The chest system has both a short-term and long-term aspect to it. See, the value of stealth points that you need to spend to pick up a chest increases over time, but this also increases the value of the chest. The more valuable, the more likely it is to contain insignias that can be used to buy new cards and unlock future levels. However, the harder it is to pick it up, the more likely that you’ll run out of stealth points. As such, you want to manipulate the board and ration your items well, so that if you use the cloak which gives you additional stealth points, that you get the hiding spot near the end of the game, and can use the cloak to help pick up a sizable chest. The number of insignias in a chest is random, but bigger number means higher chance at getting 3 insignias. What this means is that not only is it worth going for a bigger chest in terms of getting a high score, as they’re based on gems collected and chest value, but also because it can help you advance through the game more quickly.

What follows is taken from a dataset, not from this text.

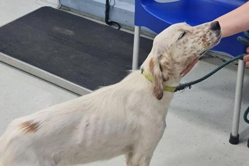 Ira je štene engleskog setera retke boje limonbelton, stara oko 8, 9 meseci. Ona je tiha, mila, dobra i kako kaže autor objave, "vozila se kao sklupčana tačkica na prednjem sedištu, sitna, mala, mršava..."
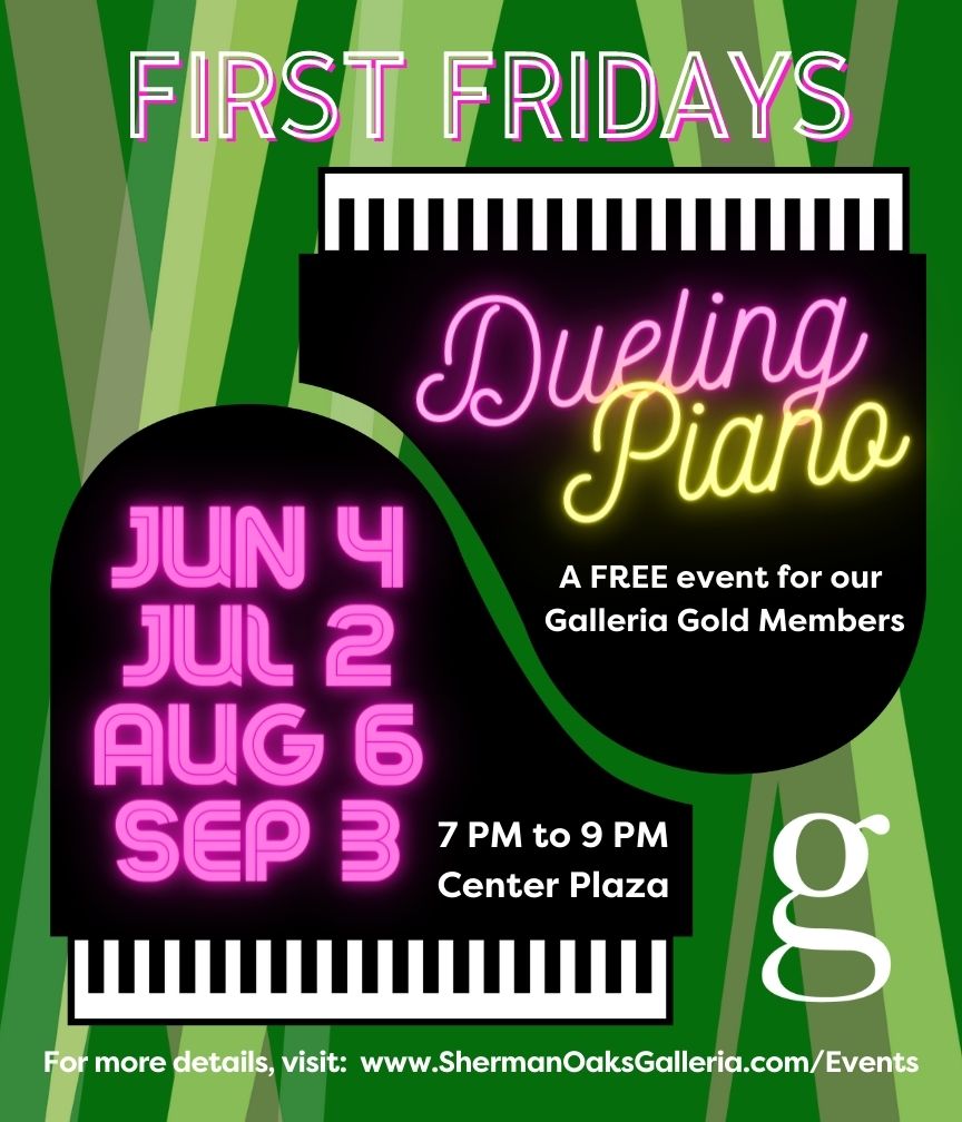 You demanded it, and we hear you! First Fridays are back at Sherman Oaks Galleria! Introducing our new dueling piano shows, we’re offering this free event every first Friday of the month from June until October. Come prepared to request your favorite songs as our pair of pianists riff off of each other, challenge each other, and take turns performing popular music live during this FREE high-energy show. This ain’t a trip to the opera, but we can promise family-friendly laughs and a fun time for all ages.

And I like that there are four different modes to play through. The first level lets you go from knowing nothing to understanding the basics. Then, later levels start to throw new tricks at you that will affect your strategies. These later levels are harder, but do come with new equipment rewards, along with their own high score leaderboards. That progression element is crucial to the replay value. There’s also card upgrades that have to be earned through specific achievements. These can even help you learn how the game is played. Want to figure out how to win with negative stealth points? Well, there’s an upgrade fairly early on that requires you finish with -3 or less, so good luck with that!
But that’s the thing that I think Card Thief really nails. It gives you a concept that can be a bit tough to pick up on at first, but it’s accessible enough for you to play it and learn how to succeed. The game is constantly going through a process of challenging you with something alien, and letting you figure it out for yourself. It’s so satisfying, because the game does teach you what you need to know, but it also lets you learn for yourself how the whole thing works. And because game sessions are so brief by design, it means that the path to enlightenment is a short enough one. You’ll still have to play for yourself and learn how everything works. My first few sessions with Card Thief were not my favorite, and that’s kind of a problem for a mobile game, but this became a lot of fun once it clicked on the fifth or sixth session.
And that’s what I have to recommend with Card Thief, is that you stick with it. This is a game that becomes a real battery-killer if you give it a shot. Also, because on my (shockingly old!) iPhone 6 Plus, the game drains battery quickly. It might not click right away, but it will click eventually, and there’s so much of a rewarding experience here, with new content to unlock. I do wish there was iCloud, so that I could keep my progress going on my iPad and maybe not kill my battery so fast. However you play it, this is a must-play, and a game I don’t see leaving my iPhone any time soon. Just be patient.